Fixes: 7431b7835f55 ("dm: add clone target")
Cc: stable@xxxxxxxxxxxxxxx # v5.4+
Signed-off-by: Nikos Tsironis <ntsironis@xxxxxxxxxxx>
Signed-off-by: Mike Snitzer <snitzer@xxxxxxxxxx>
Signed-off-by: Greg Kroah-Hartman <gregkh@xxxxxxxxxxxxxxxxxxx>
---
drivers/md/dm-clone-metadata.c | 90 ++++++++++++++++++++++++++++-------------
1 file changed, 62 insertions(+), 28 deletions(-)
--- a/drivers/md/dm-clone-metadata.c
+++ b/drivers/md/dm-clone-metadata.c
@@ -67,23 +67,34 @@ struct superblock_disk {
* To save constantly doing look ups on disk we keep an in core copy of the
* on-disk bitmap, the region_map.
*
- * To further reduce metadata I/O overhead we use a second bitmap, the dmap
- * (dirty bitmap), which tracks the dirty words, i.e. longs, of the region_map.

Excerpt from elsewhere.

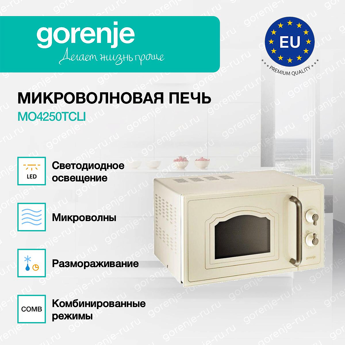** Все информационные материалы, представленные на Сайте, носят справочный характер и не могут в полной мере передавать достоверную информацию о свойствах, комплектации и характеристиках товара, включая цвета, размеры и формы. Фирма-производитель оставляет за собой право на внесение изменений в конструкцию, дизайн и комплектацию товара без предварительного уведомления. Перед оформлением Заказа Покупатель должен обратиться к Продавцу для уточнения свойств и характеристик Товара. Подробная информация о товаре указывается в инструкции и на упаковке товара. Используемое название в России: Горенье MO4250TCLI
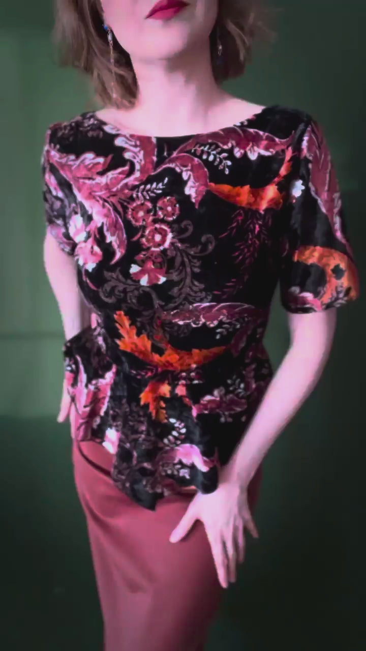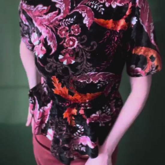 Luxurious and eye-catching, this top is made from silky velvet with a rich ornamental print. The elegant peplum adds movement, while the elbow-length sleeves make it suitable for cooler evenings. A statement piece that combines comfort and sophistication.

+ * In order to track which regions are hydrated during a metadata transaction,
+ * we use a second set of bitmaps, the dmap (dirty bitmap), which includes two
+ * bitmaps, namely dirty_regions and dirty_words. The dirty_regions bitmap
+ * tracks the regions that got hydrated during the current metadata
+ * transaction. The dirty_words bitmap tracks the dirty words, i.e. longs, of
+ * the dirty_regions bitmap.
+ *
+ * This allows us to precisely track the regions that were hydrated during the
+ * current metadata transaction and update the metadata accordingly, when we
+ * commit the current transaction. This is important because dm-clone should
+ * only commit the metadata of regions that were properly flushed to the
+ * destination device beforehand. Otherwise, in case of a crash, we could end
+ * up with a corrupted dm-clone device.
*
* When a region finishes hydrating dm-clone calls
* dm_clone_set_region_hydrated(), or for discard requests
* dm_clone_cond_set_range(), which sets the corresponding bits in region_map
* and dmap.
*
- * During a metadata commit we scan the dmap for dirty region_map words (longs)
- * and update accordingly the on-disk metadata. Thus, we don't have to flush to
- * disk the whole region_map. We can just flush the dirty region_map words.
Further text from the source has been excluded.